I really wanted to write a quiet post this morning. I wanted to write a post about food, about quotidian domesticity. And yet here I am, again, all caught up in the emotional unrest of the world and unable to settle my words.
More deaths. More anger. More protests. Frankly I am all for anger and protests and even for the toppling of symbols of control, symbols of repression. As much as I abhor violence, I believe anger and revolt is a necessary step toward change. I am all for these things even though I myself am not a direct participant in the current wave of marches and rallies. Admittedly, I have been to a rally here and there in recent years, although not at this particular moment. When I was young I marched; some of my friends were gassed and others were arrested, but I realized early on that this is not where my gifts lie.
I suppose this is the nature of my true strugglee: an internal struggle with the value of my words; the relevance of of the intention and purposes of this blog; of what is said and what is not said. With blogs, as with everything in life, what is revealed is only part of the story. What is discussed on this blog is reflective of my own internal struggles, as to whether writing about gardens and dinner and internal musings are even relevant to the world, even as I increasingly think that as our industriousness has managed to distance us from hands-on involvement in meeting the physical needs of life, of having our hands in the earth, of preparing to nourish ourselves, we have made our lives easier but also more fragile. As we become increasingly disconnected we find it easier to disconnect from each other, harming ourselves and others without intent really, but out of blindness.

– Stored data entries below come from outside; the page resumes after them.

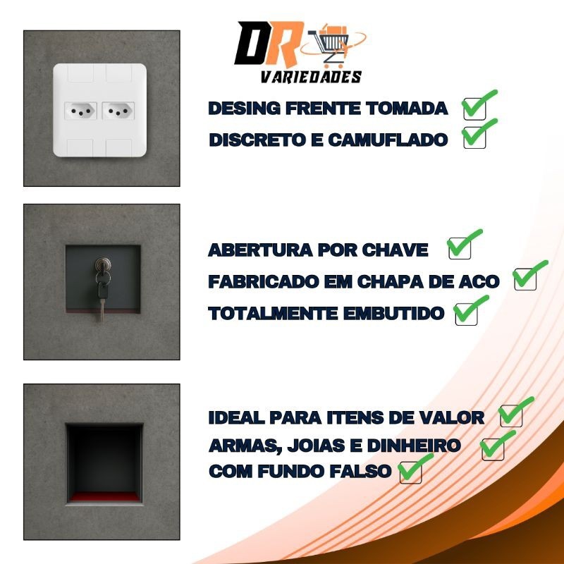 Cofre Camuflado Tomada Secreto Invisível p Armas, Dinheiro, Joias e Documentos p Embutir na Parede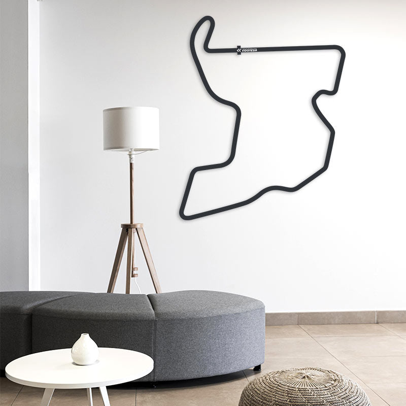 Réplica del circuito de motociclismo Pertamina Mandalika Circuit de Indonesia realizado en madera DM de 5 mm. recortada con láser y pintada en color negro.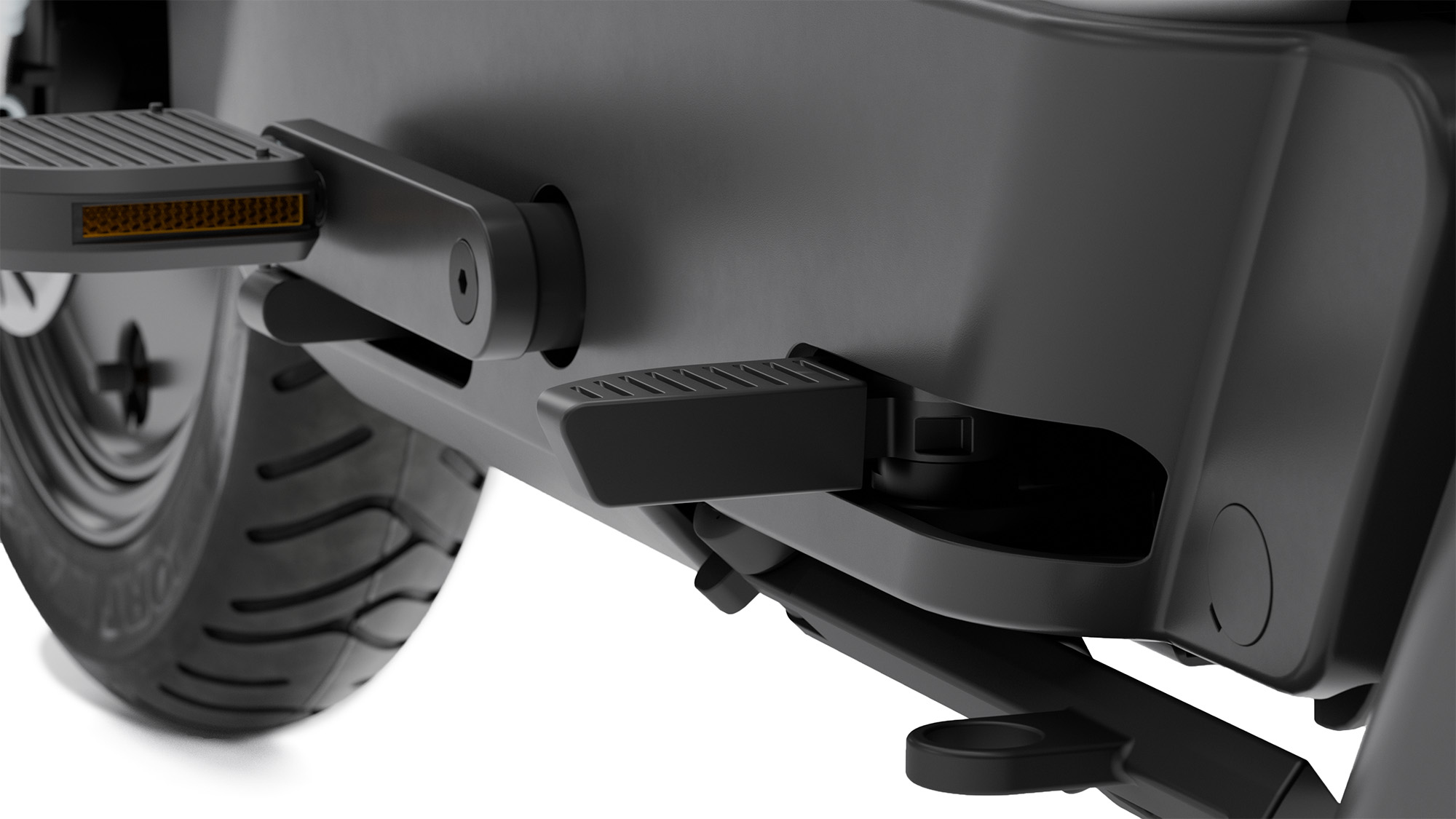 Olto is made for riding with a second passenger. The standard seat fits two. Activate the hidden foot pegs and they’ll pop into place for a comfortable backseat ride. Tap them again and they disappear.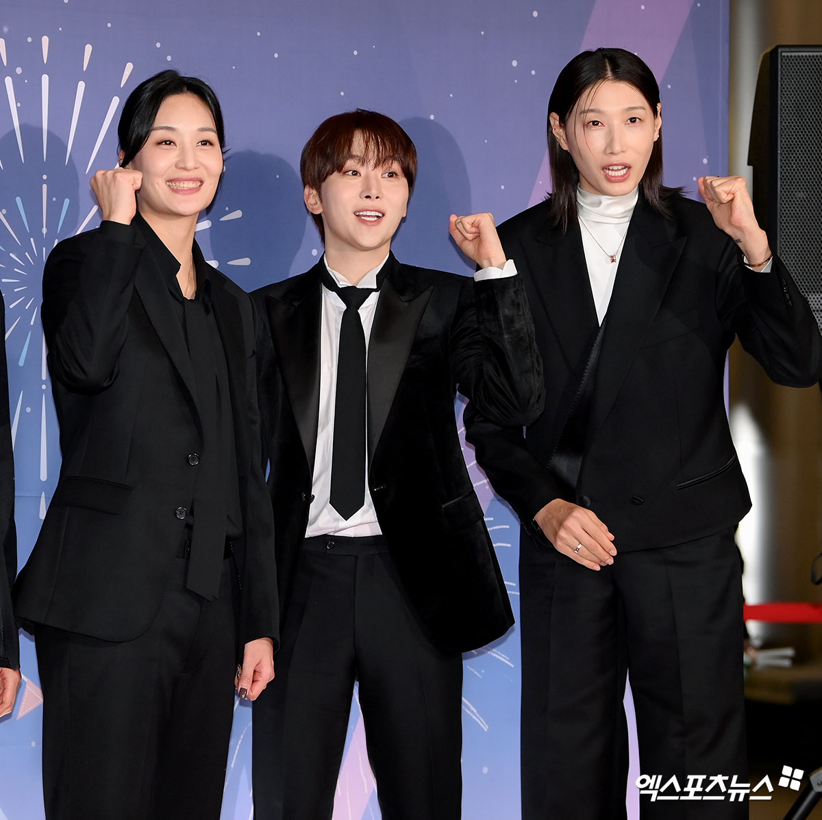 '신인감독 김연경' 표승주, 세븐틴 승관, 김연경이 포토타임을 갖고 있다.

And so the question returns. Should I write about the frivolous? And who is to determine what is frivolous? I often refer to this blog as a frivolous thing, not because I believe it is true, but because of my own struggles between the importance of the small, the intimate, the quotidian and some culturally imposed belief that the only good work is work toward the greater good. I am part of a generation of women taught to turn our backs on the domestic. And yet I know that whatever other things I do in the world, it is this that brings focus, calmness, and even strength to carry on. These things inform my ability to do more, to give more, to be more. So then, why do I struggle so?
I haven’t yet read Ibram X. Kendi’s How to be an Antiracist, and I therefore do not know how the author defines anti-racism. But I do know this: I know it is not enough to claim to not be racist, because all of us, every one of us that lives in this society is shaped and touched by racism; I know that every decision we make or fail to make matters; I know that for all we take pride in how the human race has evolved, how can we say we have evolved at all if we cannot address our recurrent inability to treat each other inhumanely? This all means that we all have much to learn, both about others but also about ourselves. It means we need to make active choices to do our part. It also means that each of us has a different part to play, and it does not further anything to judge one part as more important or effective than another. We are notoriously bad at judging the impact and repercussions of our own actions, and judging people by their gifts is not much less superficial and specious than judging people by the color of their skin. Our only strength is our humanity.
I don’t know where are all these mutterings are leading. I will probably write about something contentedly small in the next few days. I may yet struggle. These are not easy times. Thank you for attending to my mutterings.